Um Listen, Berichte, Daten einschätzen zu können, ist es notwendig, ihre Herkunft zu kennen, die angelegten Messkriterien zu verstehen, Anomalien zu erkennen und einordnen zu können und einer konkreten Fragestellung mit einem angestrebten Ziel nachzugehen. 

Alles andere ist kaum von der Sammelwut eines Messis zu unterscheiden, der sich über neue säckeweise gelieferte Anhaltspunkte freut, aber keine konkrete Verwendung dafür findet. 

Besser, als vermeintlich präzise Datensätze anzufordern, wäre es, diese Fragestellungen und Ziele zu formulieren.
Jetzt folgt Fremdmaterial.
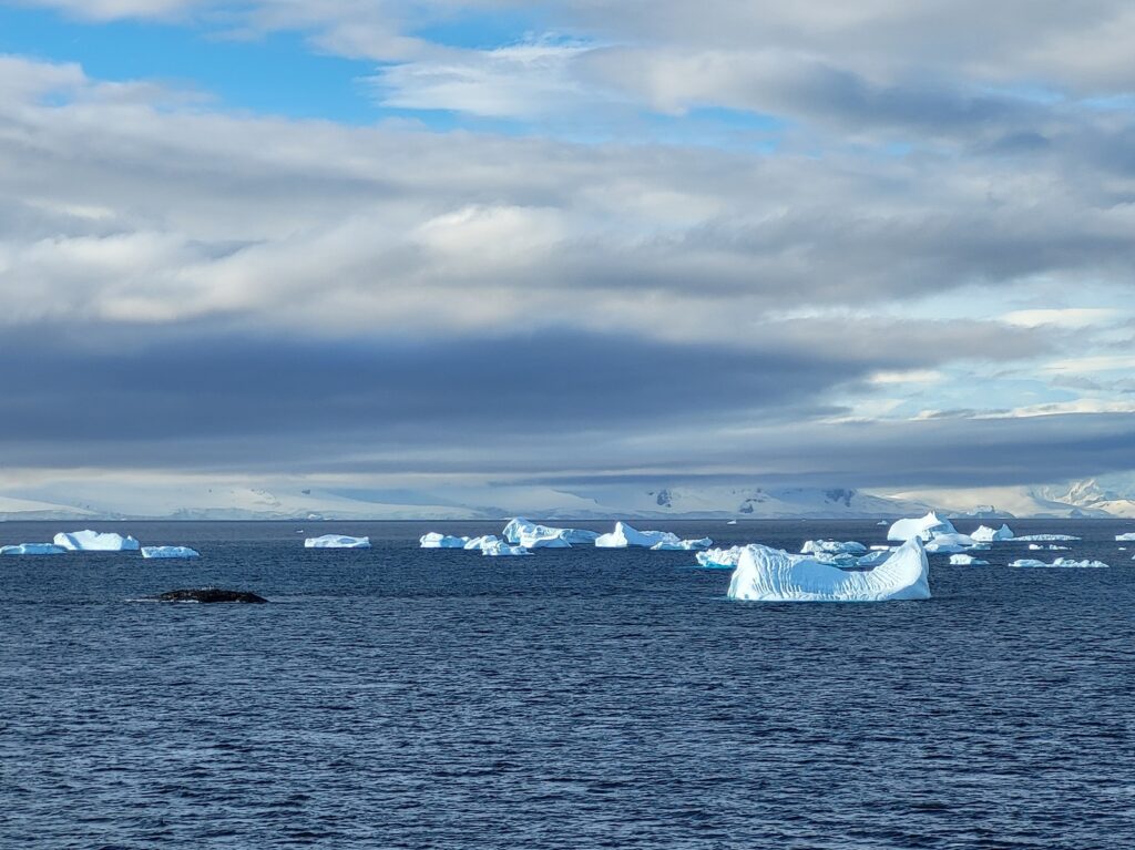 Emme päässeet Etelämantereella maihin jäätiköille kävelemään, mutta emme silti katuneet päivääkään valintaamme tehdä risteily, jolla sentään pääsimme näkemään Etelämantereen pohjoisimpia osia. Me pääsimme näkemään pingviinejä niin Falklandinsaarilla kuin merelläkin, näimme lukemattoman määrän valaita, merilintuja ja jäävuoria, eikä näkemättä jäänyt myöskään laivan vierellä pomppineita delfiinejä. Ehkä se ikimuistoisin hetki oli kuitenkin risteilyllämme se yö, jolloin seisoin mieheni kanssa parvekkeella ihailemassa kirkasta tähtitaivasta. Oli täysikuu ja kuutamo valaisi Etelämantereen lumisia huippuja. Siellä me ihailimme näkyä ja silloin se kuului ihan livenä: Valaan laulu.

Jemand, der die verfügbaren Daten und ihre Objekte kennt, kann dann Vorschläge machen, wie diese Fragen am besten beantwortet werden können, und noch besser, mit welchen Daten die Information geschaffen werden kann, mit der am besten gesteuert werden kann, wie die angestrebten Ziele erreicht werden können. 

Oft sind dazu Eingriffe in bestehen Messkriterien und Analysesysteme notwendig. Neue Messungen müssen eingerichtet werden, um Vergleichbarkeit zu schaffen oder mit neuen Skalen messen zu können. 
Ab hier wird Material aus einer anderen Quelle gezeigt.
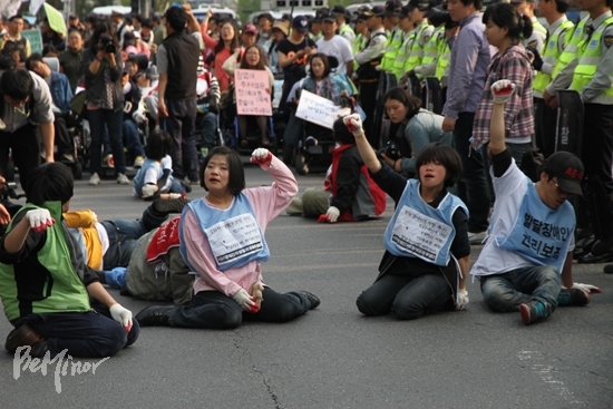 지금 추세대로 정부가 극소수의 장애인들에게만 서비스를 확대하는 식으로 마치 24시간 활동보조를 보장하는 것처럼 선전한다면 조만간 ‘장애인의 시간’을 날것으로 보여주는 이런 투쟁이 등장하지 않을까요?

Das setzt eine gewisse Autorität von Datenverantwortlichen voraus. Sie sollen gefragt werden – und sie müssen Maßnahmen und Prozessveränderungen vorschlagen können. Ein Chief Data Officer ist keine Python-Programmiererin und kein Statistiker, sondern jemand, der das Geschäft inhaltlich kennt, Prozesse organisieren kann, mit Berechnungen experimentieren kann und anhand von veränderte Zutaten zu den Kochrezepten seiner Algorithmen unterschiedliche Ergebnisse prognostizieren kann. 
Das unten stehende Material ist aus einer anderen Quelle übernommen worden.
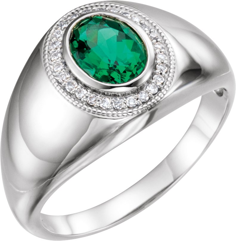Description: Chatham Created Emerald And 1/8 Ctw Diamond Ring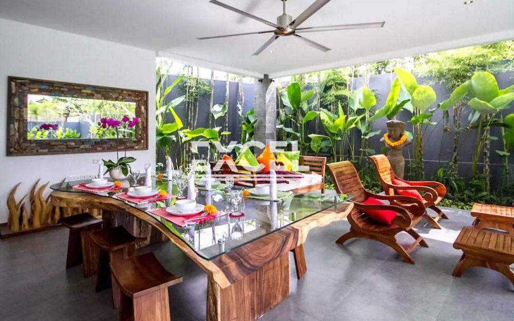 This Traditional/Contemporary style 3-Bedroom Villa is a very rare find in the central area of Petitenget near Sarong Restaurant, offering nice views around the area and to the mountains of Bali from its terrace.

Aber nichts davon entscheiden Daten oder Berechnungen. Entscheidungen liegen immer noch bei Prozessen, Personen und Bossen. Wer deshalb schlechte Arbeit in seinen Datenteams kritisiert, kritisiert sehr oft eigene Entscheidungsschwächen und mangelnde Bereitschaft, als Chef Entscheidungen durchzusetzen. 

Ein Mindesmaß an Autorität und Spielraum für Datenverantwortliche ist notwendig, um der Tatsache gerecht zu werden, dass Daten historische, kontextbezogene und veränderliche Elemente sind, deren Geschichte gut bekannt sein muss, bevor sie sinnvoll genutzt werden können. Wissenschaftsgeschichte und Technologiephilosophie kennen das gut. Informatik und Statistik ignorieren das leider oft gerne.